_Prompt_: Please copy out the entries exactly, skipping any pictures.

_Records from a data source_:
=== Section Start ===
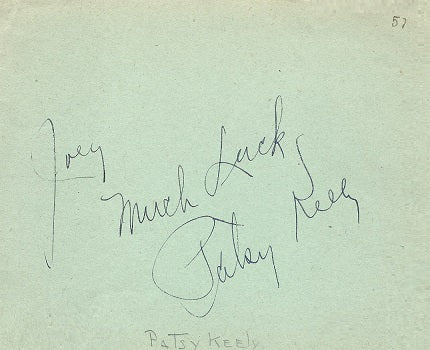 Uncommon vintage inscribed black fountain pen signature on a 4x6-inch light green autograph album page, acquired in-person in the 1930s. In good condition for its age. There was no forgetting Patsy Kelly, with her dumpy looks, loud mouth, brash mannerisms, and heavy Brooklyn accent. In 1933, Hal Roach lured her away from the New York City stage to Hollywood, to replace ZaSu Pitts as Thelma Todd's costar in a popular series of two-reel comedies. Over the next decade, she sustained a busy screen career, often playing the deadpan, wisecracking friend of the heroine. She retired after 1943, reportedly due to heavy drinking, and, years later, would popped up as a member of the Castavets' coven in Roman Polanski's horror classic, Rosemary's Baby (1968).
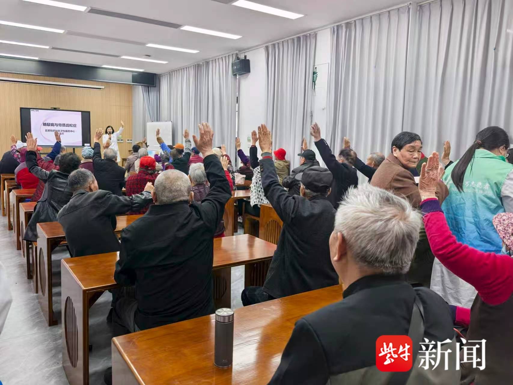 为进一步提升辖区居民健康素养,普及科学实用的健康知识,引导居民养成文明健康的生活方式,4 月 15 日下午,盐城市亭湖区五星街道新时代文明实践所联合万户新村新时代文明实践站、五星街道社区卫生服务中心,共同举办 “健康生活 远离疾病” 主题健康知识讲座,吸引辖区众多居民踊跃参与。
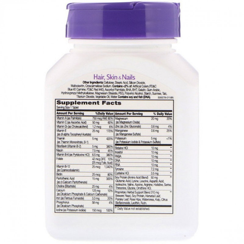 Целлюлоза, стеариновая кислота, диоксид кремния, мальтодекстрин, кроскармеллоза натрия. Содержит <2%: искусственных красителей (FD & C синий № 2 кармин, FD & C красный № 40), аскорбил пальмитат, ВНА, ВНТ, желатин, гуммиарабик, гидроксипропилметилцеллюлоза, стеарат магния, ПЭГ, поливиниловый спирт, крахмал, сахароза, тальк, диоксид титана, растительное масло, вода.
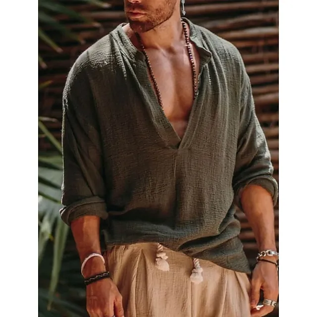 Men’s Linen Shirt Shirt Summer Shirt Beach Shirt Green Beige Long Sleeve Solid Color V Neck Summer Spring Outdoor Street Clothing Apparel
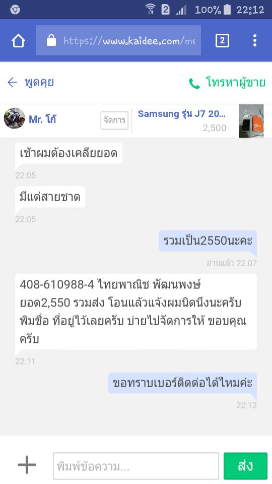 เมื่อต้นเดือนมกราคมที่ผ่านมาเราได้ตัดสินใจซื้อมือถือผ่านเว็บนึง เนื่องจากมือถือเครื่องเก่าเราพัง และเราเองก็ต้องการมือถือดีๆแต่ราคาไม่แพงมากเพราะเรามีเงินในมือไม่เยอะ พอมีมือถือที่อยากมาลงขายเราก็ติดต่อเขาไปเขาบอกว่าขายแล้ว ก็เลยทักไปหาคนใหม่เขาก็บอกว่าติดจอง เราก็เลยเปิดเว็บนี้เรื่อยๆเผื่อจะมีมือถือที่อยากได้แต่ราคาเบาๆมาลงขายอีก เลื่อนไปเรื่อยๆเราก็เจอมือถือของซัมซุง J7 prime เราสนใจก็เลยทักไปถาม เราบอกของยังมีอยู่ อุปกรณ์มีสายชาร์ตอย่างเดียว เราก็เลยขอเบอร์ติดต่อเขาไว้ พอเอาเบอร์ไปค้นหาในไลน์ก็พบว่าบุคคลนั้นมีตัวตนอยู่จิงเราก็เลยโอนเงินไปให้ รวมค่าส่งก็ 2550บาท ผ่านไปหลายวันเราก็ยังไม่ได้ของ ครบอาทิตย์แล้วของก็ยังไม่มาส่ง เราก็เลยเข้าไปดูข้อมูลเก่าๆกะว่าจะทักถามแต่แชทถูกลบ โทรไปก็ไม่ติด ทักไลน์ไปก็ไม่ตอบ ซึ่งจากทั้งหมดก็ชัดมากๆว่าถูกหรอกแล้ว
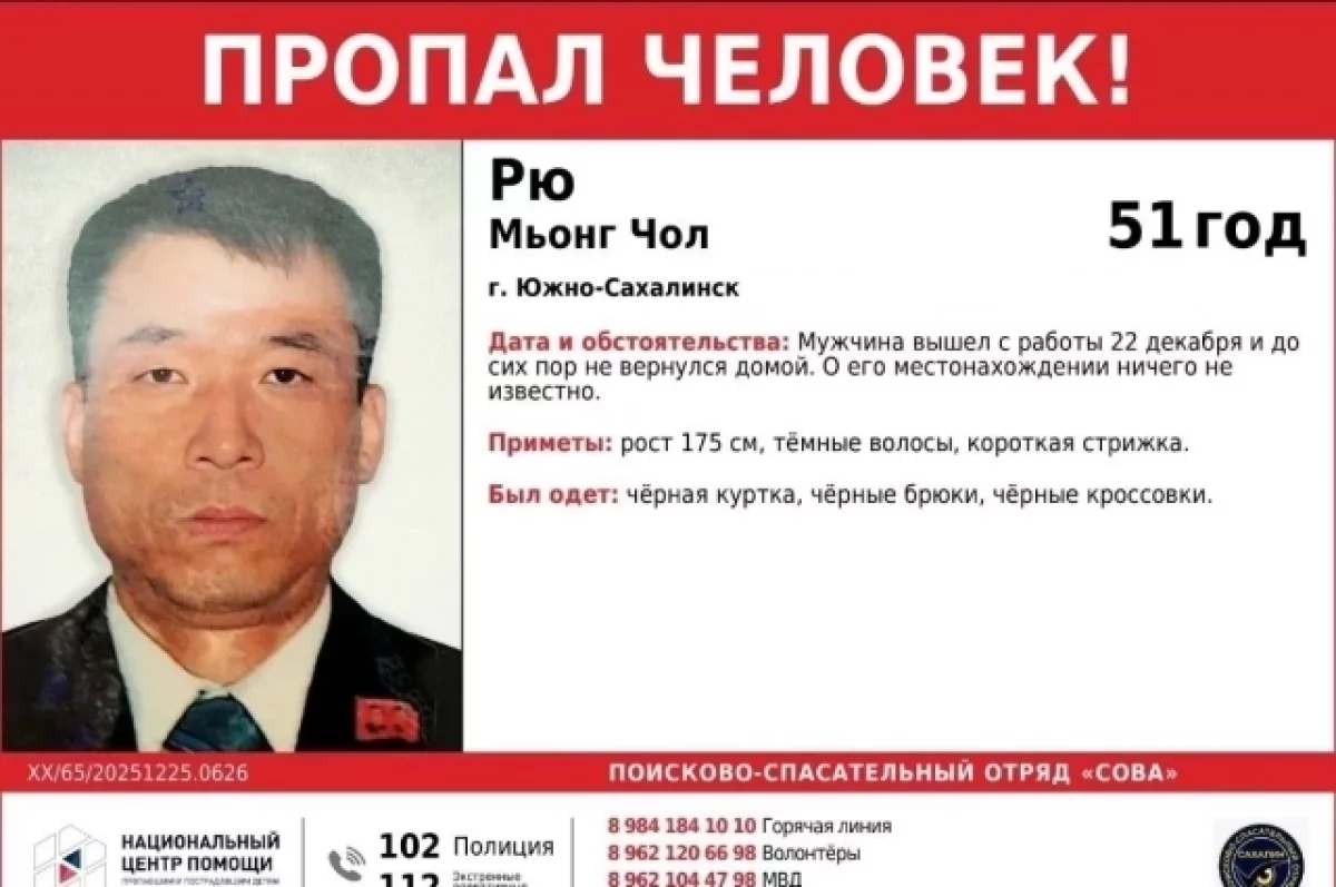 Родственники и полиция Южно-Сахалинска разыскивают 51-летнего Рю Мьонг Чол.
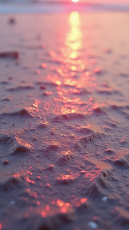 Sunlit sand textures at sunset with glittering pink reflections. That the image is generated using AI.
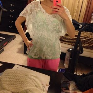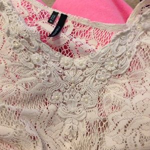 Lace. Short sleeve. Pearl embellishments on the top around the neck. Can be worn with or with out belt. ‼️belt not included‼️ flared sleeves. Kind of an elastic part in the middle. Super cute can be dressed up or down. Cream. Been worn a hand full of times. In great condition!!:)
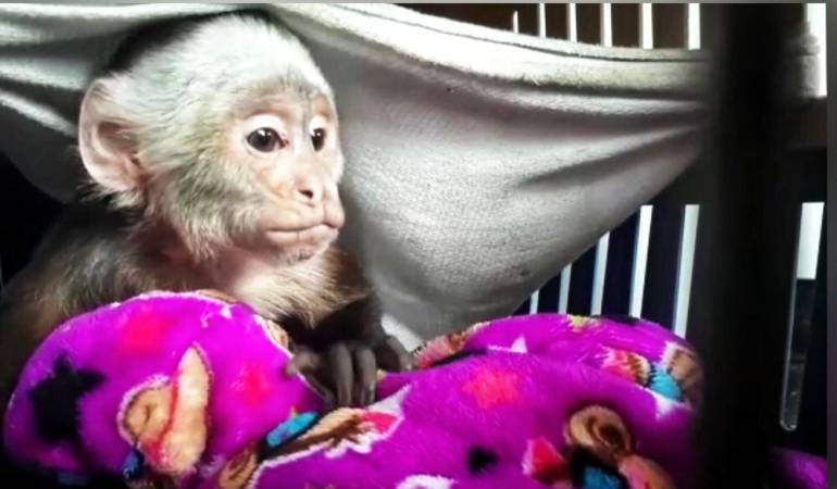 Según las autoridades, el mono fue traído ilegalmente a Bogotá desde el municipio de Cimitarra, Santander, cuando tenía dos meses y era cuidado con frutas, huevo cocido y leche a través de un biberón, dicen, “alterando su metabolismo y su dieta natural”.
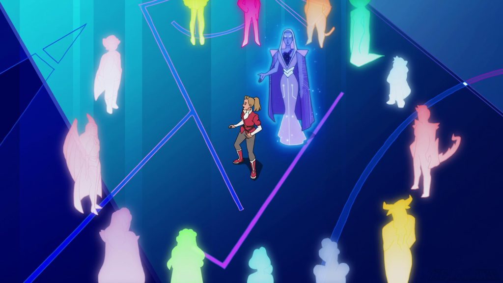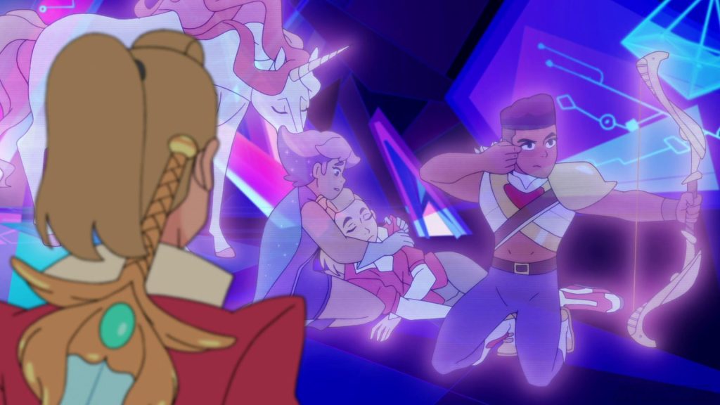 Glimmer, Bow, and Swiftwind enter the temple and begin looking for Adora. Swiftwind finds Adora in the Crystal Castle, and reminds Adora that she has been an immense help to countless people as both Adora and She-Ra. Realizing her friends truly care for her, and that she can’t fix anything by hiding, Adora returns to the battle. She saves Glimmer and Bow from more spider monsters, and they leave. As all four of them see the Horde’s hacking of the planet, they rush back to Brightmoon.
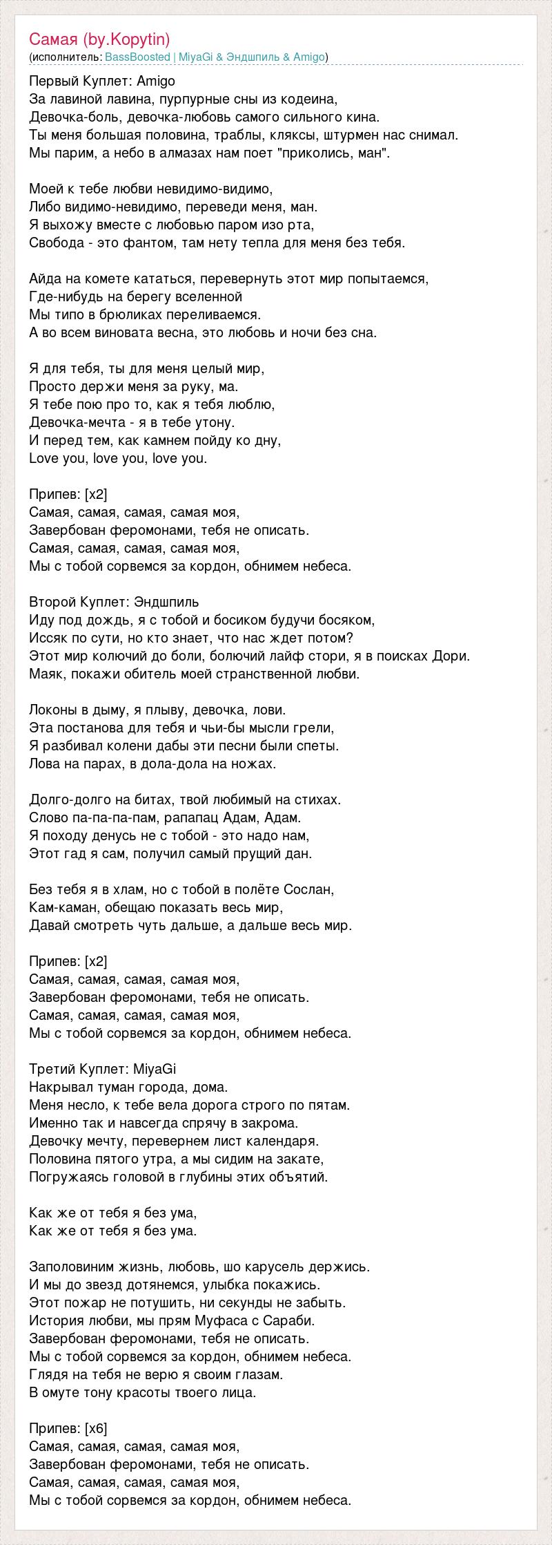 Первый Куплет: Amigo За лавиной лавина, пурпурные сны из кодеина, Девочка-боль, девочка-любовь самого сильного кина. Ты меня большая половина, траблы, кляксы, штурмен нас снимал. Мы парим, а небо в алмазах нам поет "приколись, ман". Моей к тебе любви невидимо-видимо, Либо видимо-невидимо, переведи меня, ман. Я выхожу вместе с любовью паром изо рта, Свобода - это фантом, там нету тепла для меня без тебя. Айда на комете кататься, перевернуть этот мир попытаемся, Где-нибудь на берегу вселенной Мы типо в брюликах переливаемся. А во всем виновата весна, это любовь и ночи без сна. Я для тебя, ты для меня целый мир, Просто держи меня за руку, ма. Я тебе пою про то, как я тебя люблю, Девочка-мечта - я в тебе утону. И перед тем, как камнем пойду ко дну, Love you, love you, love you. Припев: [х2] Самая, самая, самая, самая моя, Завербован феромонами, тебя не описать. Самая, самая, самая, самая моя, Мы с тобой сорвемся за кордон, обнимем небеса. Второй Куплет: Эндшпиль Иду под дождь, я с тобой и босиком будучи босяком, Иссяк по сути, но кто знает, что нас ждет потом? Этот мир колючий до боли, болючий лайф стори, я в поисках Дори. Маяк, покажи обитель моей странственной любви. Локоны в дыму, я плыву, девочка, лови. Эта постанова для тебя и чьи-бы мысли грели, Я разбивал колени дабы эти песни были спеты. Лова на парах, в дола-дола на ножах. Долго-долго на битах, твой любимый на стихах. Слово па-па-па-пам, рапапац Адам, Адам. Я походу денусь не с тобой - это надо нам, Этот гад я сам, получил самый прущий дан. Без тебя я в хлам, но с тобой в полёте Сослан, Кам-каман, обещаю показать весь мир, Давай смотреть чуть дальше, а дальше весь мир. Припев: [х2] Самая, самая, самая, самая моя, Завербован феромонами, тебя не описать. Самая, самая, самая, самая моя, Мы с тобой сорвемся за кордон, обнимем небеса. Третий Куплет: MiyaGi Накрывал туман города, дома. Меня несло, к тебе вела дорога строго по пятам. Именно так и навсегда спрячу в закрома. Девочку мечту, перевернем лист календаря. Половина пятого утра, а мы сидим на закате, Погружаясь головой в глубины этих объятий. Как же от тебя я без ума, Как же от тебя я без ума. Заполовиним жизнь, любовь, шо карусель держись. И мы до звезд дотянемся, улыбка покажись. Этот пожар не потушить, ни секунды не забыть. История любви, мы прям Муфаса с Сараби. Завербован феромонами, тебя не описать. Мы с тобой сорвемся за кордон, обнимем небеса. Глядя на тебя не верю я своим глазам. В омуте тону красоты твоего лица. Припев: [х6] Самая, самая, самая, самая моя, Завербован феромонами, тебя не описать. Самая, самая, самая, самая моя, Мы с тобой сорвемся за кордон, обнимем небеса.
=== Section End ===
_Problem solution_:
 Uncommon vintage inscribed black fountain pen signature on a 4x6-inch light green autograph album page, acquired in-person in the 1930s. In good condition for its age. There was no forgetting Patsy Kelly, with her dumpy looks, loud mouth, brash mannerisms, and heavy Brooklyn accent. In 1933, Hal Roach lured her away from the New York City stage to Hollywood, to replace ZaSu Pitts as Thelma Todd's costar in a popular series of two-reel comedies. Over the next decade, she sustained a busy screen career, often playing the deadpan, wisecracking friend of the heroine. She retired after 1943, reportedly due to heavy drinking, and, years later, would popped up as a member of the Castavets' coven in Roman Polanski's horror classic, Rosemary's Baby (1968).
 为进一步提升辖区居民健康素养,普及科学实用的健康知识,引导居民养成文明健康的生活方式,4 月 15 日下午,盐城市亭湖区五星街道新时代文明实践所联合万户新村新时代文明实践站、五星街道社区卫生服务中心,共同举办 “健康生活 远离疾病” 主题健康知识讲座,吸引辖区众多居民踊跃参与。
 Целлюлоза, стеариновая кислота, диоксид кремния, мальтодекстрин, кроскармеллоза натрия. Содержит <2%: искусственных красителей (FD & C синий № 2 кармин, FD & C красный № 40), аскорбил пальмитат, ВНА, ВНТ, желатин, гуммиарабик, гидроксипропилметилцеллюлоза, стеарат магния, ПЭГ, поливиниловый спирт, крахмал, сахароза, тальк, диоксид титана, растительное масло, вода.
 Men’s Linen Shirt Shirt Summer Shirt Beach Shirt Green Beige Long Sleeve Solid Color V Neck Summer Spring Outdoor Street Clothing Apparel
 เมื่อต้นเดือนมกราคมที่ผ่านมาเราได้ตัดสินใจซื้อมือถือผ่านเว็บนึง เนื่องจากมือถือเครื่องเก่าเราพัง และเราเองก็ต้องการมือถือดีๆแต่ราคาไม่แพงมากเพราะเรามีเงินในมือไม่เยอะ พอมีมือถือที่อยากมาลงขายเราก็ติดต่อเขาไปเขาบอกว่าขายแล้ว ก็เลยทักไปหาคนใหม่เขาก็บอกว่าติดจอง เราก็เลยเปิดเว็บนี้เรื่อยๆเผื่อจะมีมือถือที่อยากได้แต่ราคาเบาๆมาลงขายอีก เลื่อนไปเรื่อยๆเราก็เจอมือถือของซัมซุง J7 prime เราสนใจก็เลยทักไปถาม เราบอกของยังมีอยู่ อุปกรณ์มีสายชาร์ตอย่างเดียว เราก็เลยขอเบอร์ติดต่อเขาไว้ พอเอาเบอร์ไปค้นหาในไลน์ก็พบว่าบุคคลนั้นมีตัวตนอยู่จิงเราก็เลยโอนเงินไปให้ รวมค่าส่งก็ 2550บาท ผ่านไปหลายวันเราก็ยังไม่ได้ของ ครบอาทิตย์แล้วของก็ยังไม่มาส่ง เราก็เลยเข้าไปดูข้อมูลเก่าๆกะว่าจะทักถามแต่แชทถูกลบ โทรไปก็ไม่ติด ทักไลน์ไปก็ไม่ตอบ ซึ่งจากทั้งหมดก็ชัดมากๆว่าถูกหรอกแล้ว
 Родственники и полиция Южно-Сахалинска разыскивают 51-летнего Рю Мьонг Чол.
 Sunlit sand textures at sunset with glittering pink reflections. That the image is generated using AI.
 Lace. Short sleeve. Pearl embellishments on the top around the neck. Can be worn with or with out belt. ‼️belt not included‼️ flared sleeves. Kind of an elastic part in the middle. Super cute can be dressed up or down. Cream. Been worn a hand full of times. In great condition!!:)
 Según las autoridades, el mono fue traído ilegalmente a Bogotá desde el municipio de Cimitarra, Santander, cuando tenía dos meses y era cuidado con frutas, huevo cocido y leche a través de un biberón, dicen, “alterando su metabolismo y su dieta natural”.
 Glimmer, Bow, and Swiftwind enter the temple and begin looking for Adora. Swiftwind finds Adora in the Crystal Castle, and reminds Adora that she has been an immense help to countless people as both Adora and She-Ra. Realizing her friends truly care for her, and that she can’t fix anything by hiding, Adora returns to the battle. She saves Glimmer and Bow from more spider monsters, and they leave. As all four of them see the Horde’s hacking of the planet, they rush back to Brightmoon.
 Первый Куплет: Amigo За лавиной лавина, пурпурные сны из кодеина, Девочка-боль, девочка-любовь самого сильного кина. Ты меня большая половина, траблы, кляксы, штурмен нас снимал. Мы парим, а небо в алмазах нам поет "приколись, ман". Моей к тебе любви невидимо-видимо, Либо видимо-невидимо, переведи меня, ман. Я выхожу вместе с любовью паром изо рта, Свобода - это фантом, там нету тепла для меня без тебя. Айда на комете кататься, перевернуть этот мир попытаемся, Где-нибудь на берегу вселенной Мы типо в брюликах переливаемся. А во всем виновата весна, это любовь и ночи без сна. Я для тебя, ты для меня целый мир, Просто держи меня за руку, ма. Я тебе пою про то, как я тебя люблю, Девочка-мечта - я в тебе утону. И перед тем, как камнем пойду ко дну, Love you, love you, love you. Припев: [х2] Самая, самая, самая, самая моя, Завербован феромонами, тебя не описать. Самая, самая, самая, самая моя, Мы с тобой сорвемся за кордон, обнимем небеса. Второй Куплет: Эндшпиль Иду под дождь, я с тобой и босиком будучи босяком, Иссяк по сути, но кто знает, что нас ждет потом? Этот мир колючий до боли, болючий лайф стори, я в поисках Дори. Маяк, покажи обитель моей странственной любви. Локоны в дыму, я плыву, девочка, лови. Эта постанова для тебя и чьи-бы мысли грели, Я разбивал колени дабы эти песни были спеты. Лова на парах, в дола-дола на ножах. Долго-долго на битах, твой любимый на стихах. Слово па-па-па-пам, рапапац Адам, Адам. Я походу денусь не с тобой - это надо нам, Этот гад я сам, получил самый прущий дан. Без тебя я в хлам, но с тобой в полёте Сослан, Кам-каман, обещаю показать весь мир, Давай смотреть чуть дальше, а дальше весь мир. Припев: [х2] Самая, самая, самая, самая моя, Завербован феромонами, тебя не описать. Самая, самая, самая, самая моя, Мы с тобой сорвемся за кордон, обнимем небеса. Третий Куплет: MiyaGi Накрывал туман города, дома. Меня несло, к тебе вела дорога строго по пятам. Именно так и навсегда спрячу в закрома. Девочку мечту, перевернем лист календаря. Половина пятого утра, а мы сидим на закате, Погружаясь головой в глубины этих объятий. Как же от тебя я без ума, Как же от тебя я без ума. Заполовиним жизнь, любовь, шо карусель держись. И мы до звезд дотянемся, улыбка покажись. Этот пожар не потушить, ни секунды не забыть. История любви, мы прям Муфаса с Сараби. Завербован феромонами, тебя не описать. Мы с тобой сорвемся за кордон, обнимем небеса. Глядя на тебя не верю я своим глазам. В омуте тону красоты твоего лица. Припев: [х6] Самая, самая, самая, самая моя, Завербован феромонами, тебя не описать. Самая, самая, самая, самая моя, Мы с тобой сорвемся за кордон, обнимем небеса.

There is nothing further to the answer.